Though in this case the 'add' later gets optimized to an 'or',
so
maybe you should replace -4 to -5 to keep the test clearer (and be
able to check for the 'nsw' flag).
> +  %p = and i32 %x, -4
> +  %q = and i32 %y,  1
CHECK: add nsw i32
CHECK: sitofp
CHECK-NOT: sitofp
CHECK-NOT: fadd
(Those last two are to confirm you removed the other sitofp and the
floating-point add)
> +  %a = sitofp i32 %p to double
> +  %b = sitofp i32 %q to double
> +  %result = fadd double %a, %b
> +  ret double %result
> +}
> Index: lib/Transforms/InstCombine/InstCombineAddSub.cpp
> ==================================================================> ---
lib/Transforms/InstCombine/InstCombineAddSub.cpp	(revision 127153)

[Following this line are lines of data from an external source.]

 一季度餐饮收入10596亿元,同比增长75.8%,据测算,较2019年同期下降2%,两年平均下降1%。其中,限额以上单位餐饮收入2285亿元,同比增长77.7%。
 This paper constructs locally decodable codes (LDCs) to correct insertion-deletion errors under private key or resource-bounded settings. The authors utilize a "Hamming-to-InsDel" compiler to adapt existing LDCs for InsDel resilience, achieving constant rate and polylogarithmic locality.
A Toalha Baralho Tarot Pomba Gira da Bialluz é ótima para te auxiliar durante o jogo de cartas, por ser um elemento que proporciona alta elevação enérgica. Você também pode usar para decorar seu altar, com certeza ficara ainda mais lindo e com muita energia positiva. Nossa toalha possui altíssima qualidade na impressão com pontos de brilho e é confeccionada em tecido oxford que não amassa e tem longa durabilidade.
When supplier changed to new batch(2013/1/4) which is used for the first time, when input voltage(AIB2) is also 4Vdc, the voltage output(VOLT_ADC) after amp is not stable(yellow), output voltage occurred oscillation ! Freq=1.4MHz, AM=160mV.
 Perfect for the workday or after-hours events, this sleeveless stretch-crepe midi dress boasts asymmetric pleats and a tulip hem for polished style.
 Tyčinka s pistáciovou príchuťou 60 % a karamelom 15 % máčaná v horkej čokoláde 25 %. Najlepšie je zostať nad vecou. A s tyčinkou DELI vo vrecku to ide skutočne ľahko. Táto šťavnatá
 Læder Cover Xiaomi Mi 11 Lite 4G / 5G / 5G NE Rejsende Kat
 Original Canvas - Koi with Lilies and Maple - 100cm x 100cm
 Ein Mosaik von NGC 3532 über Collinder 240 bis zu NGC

> +++ lib/Transforms/InstCombine/InstCombineAddSub.cpp	(working copy)
> @@ -57,6 +57,30 @@
>  }
>
>
> +static bool RippleBucketExists(APInt &thisKnownZero, APInt
&thisKnownOne,
> +                               APInt &otherKnownZero, unsigned width)
{
> +  APInt mask;
> +  // First try to to take care of the case
> +  //  (X & ~4) + (Y & 1)
> +  int32_t power = (~thisKnownZero).exactLogBase2();
> +  if (power == -1) {
> +    if (~thisKnownZero == thisKnownOne)
> +      power = thisKnownOne.exactLogBase2();
Why did you introduce the extra log here? This assignment is a no-op
when ~thisKnownZero == thisKnownOne...
> +    if (power == -1)
... which means this check is redundant.
> +      return false;
> +  }
> +
> +  if (power == (width - 1))
Hmm.. I know I said 'width' should be unsigned, but now I get a
warning here for comparing a signed integer to an unsigned one (and
LLVM is supposed to compile without warnings).

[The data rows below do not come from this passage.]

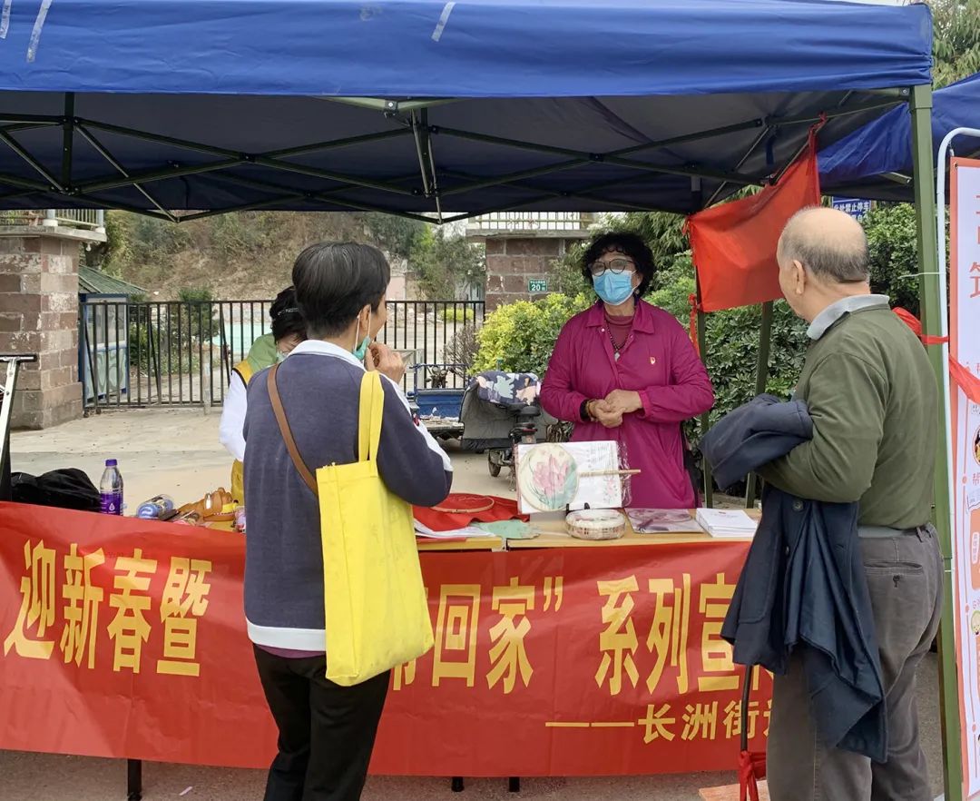 2021年春节,受疫情影响,不少街坊响应“就地过年,留穗过年”。长洲街在中山公园前路开设了2021年迎春临时摆卖点,借此机会,长洲街道妇联以“花城有爱,在穗过年”为主题,开展“迎新春暨把爱带回家”系列宣传活动。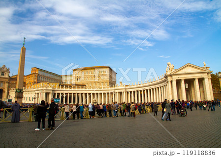 イタリアロ-マの世界遺産 バチカン市国にあるカトリック教会の総本山サン・ピエトロ広場の列柱1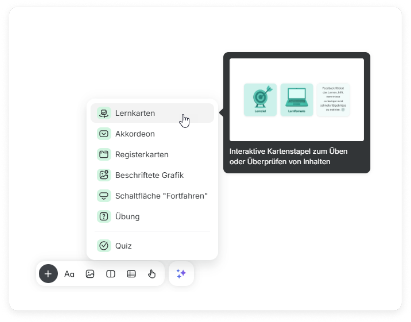 1. In der Werkzeugleiste navigieren Sie zu Interaktionen und wählen Lernkarten aus.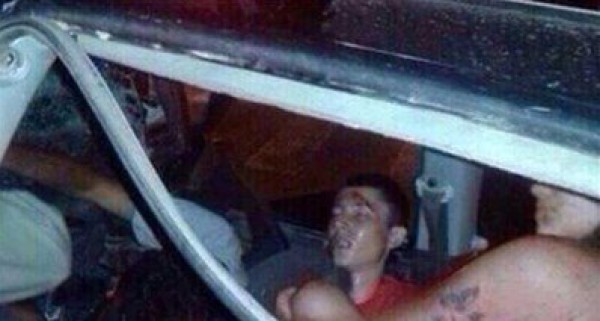 أرفقت المعلومات عن الحادث بصورة السيّارة المحطّمة، وبصورتين لشاب وفتاة عاريين وقد تلطّخ جسداهما بالدماء.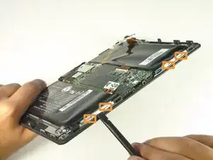 При установке задней крышки вставляйте нижнюю сторону в первую очередь (порты USB и HDMI выступают примерно на 2 мм) — вставка их в вырезы крышки облегчит повторную сборку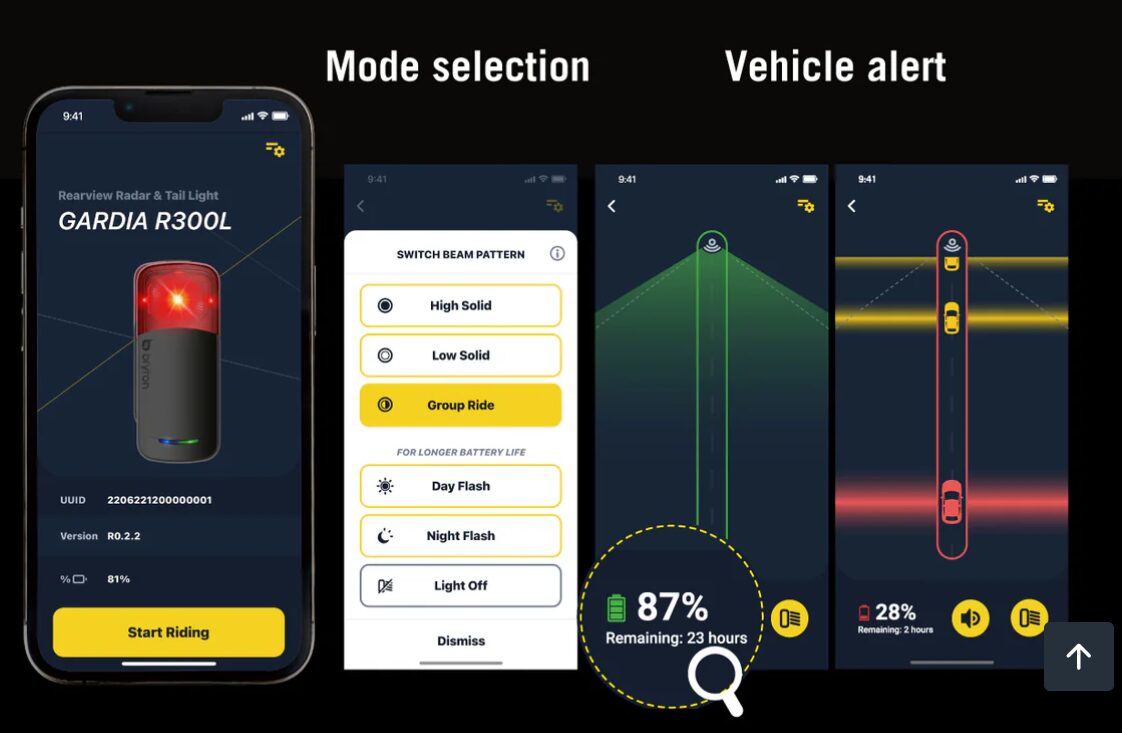 サイクルコンピューターからリアライトのオンオフができるのはもちろん、後方から接近してくる物体を検知して、警告を出してくれます。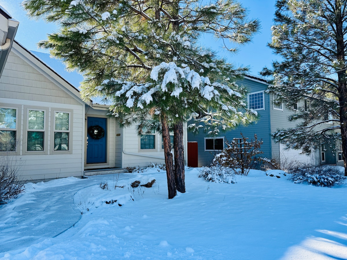 Enjoy this peaceful retreat with views of a mature forest and the San Francisco Peaks! Deer and elk graze across the ravine outside your bedroom window, and hummingbirds drink nectar from the abundant wildflowers. This is a really special spot! Still, our home sits inside Flagstaff, with all its amenities: cafes, roasteries, beer gardens, and breweries. Snow Bowl, Sedona, and the GC are not too far from us, along with many other day trip hikes and destinations. We love this place! Come join us!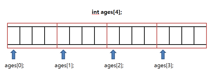 int 자료형은 크기가 4bytes 입니다. 따라서 1byte 4개를 한 묶음으로 생각하시면 됩니다. 그리고 이렇게 4개가 선언되었으므로 총 16bytes 크기를 ages 변수가 가지게 됩니다.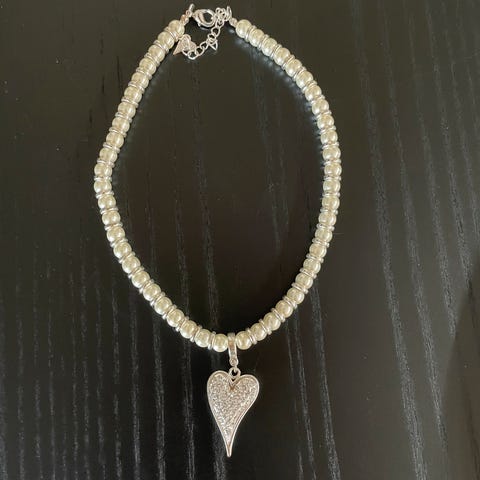 Vakkert smykke med perler og hjerte. Utsrbeidet i kvalitetsbelgt metall . Nikkelfritt.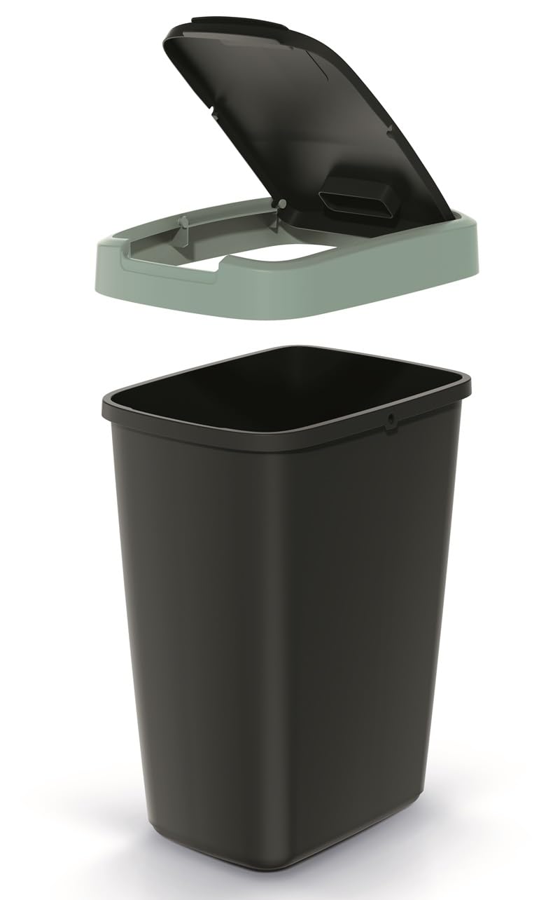 - aus hochwertigem Kunststoff, praktischer Schwing- und Klappdeckel, Breiter Deckelrand versteckt Müllbeutel,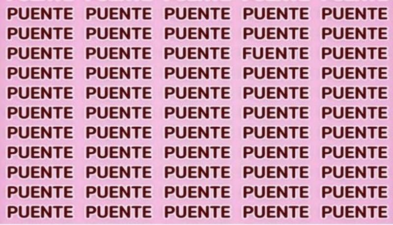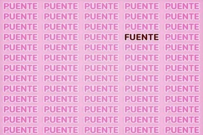 En la imagen se puede observar una lámina repleta con la palabra 'puente', que a simple vista se pierde con la palabra 'fuente'. El reto visual consiste en identificar dicha palabra en 15 segundos. ¿Puedes hacerlo?

So I guess changing width back to int isn't a disaster. (Who needs
integers with over 2 million bits anyway?)
Alternatively, since you know 'power' is non-negative here you can
safely cast it to unsigned for the comparison.
> +    mask = APInt::getSignBit(width);
> +  else
> +    mask = APInt::getBitsSet(width, power + 1, width - 2);
You removed the 'if (power < width-2)' case from the code I mentioned
as equivalent to your loop.
Because of this, if power + 1 > width - 2 (or equivalently in this
case, if power == width - 2) this will create a "wrapped" bit set: the
upper bit and the lower width-2 bits will be set, leaving only bit
width-2 zero. That isn't what you want, right?
> +
> +  if ((mask & otherKnownZero).getBoolValue())
> +    return true;
> +
> +  return false;
This can be more concisely written as just
  return (mask & otherKnownZero).getBoolValue();
> +}
> +
>  /// WillNotOverflowSignedAdd - Return true if we can prove that:
>  ///    (sext (add LHS, RHS))  === (add (sext LHS), (sext RHS))
>  /// This basically requires proving that the add in the original type
would not
> @@ -77,9 +101,19 @@
>    // has a known-zero bit in a more significant place than it (not
including the
>    // sign bit) the ripple may go up to and fill the zero, but won't
change the
>    // sign.  For example, (X & ~4) + 1.
> -
> -  // TODO: Implement.
> -
> +
> +  unsigned width = LHS->getType()->getScalarSizeInBits();
> +  APInt mask(width, -1, true), LHSKnownZero(width, 0), LHSKnownOne(width,
0),
> +    RHSKnownZero(width, 0), RHSKnownOne(width, 0);
> +
> +  ComputeMaskedBits(LHS, mask, LHSKnownZero, LHSKnownOne);
> +  ComputeMaskedBits(RHS, mask, RHSKnownZero, RHSKnownOne);
> +
> +  if (RippleBucketExists(LHSKnownZero, LHSKnownOne, RHSKnownZero, width))
> +    return true;
> +  if (RippleBucketExists(RHSKnownZero, RHSKnownOne, LHSKnownZero, width))
> +    return true;
> +
>    return false;
>  }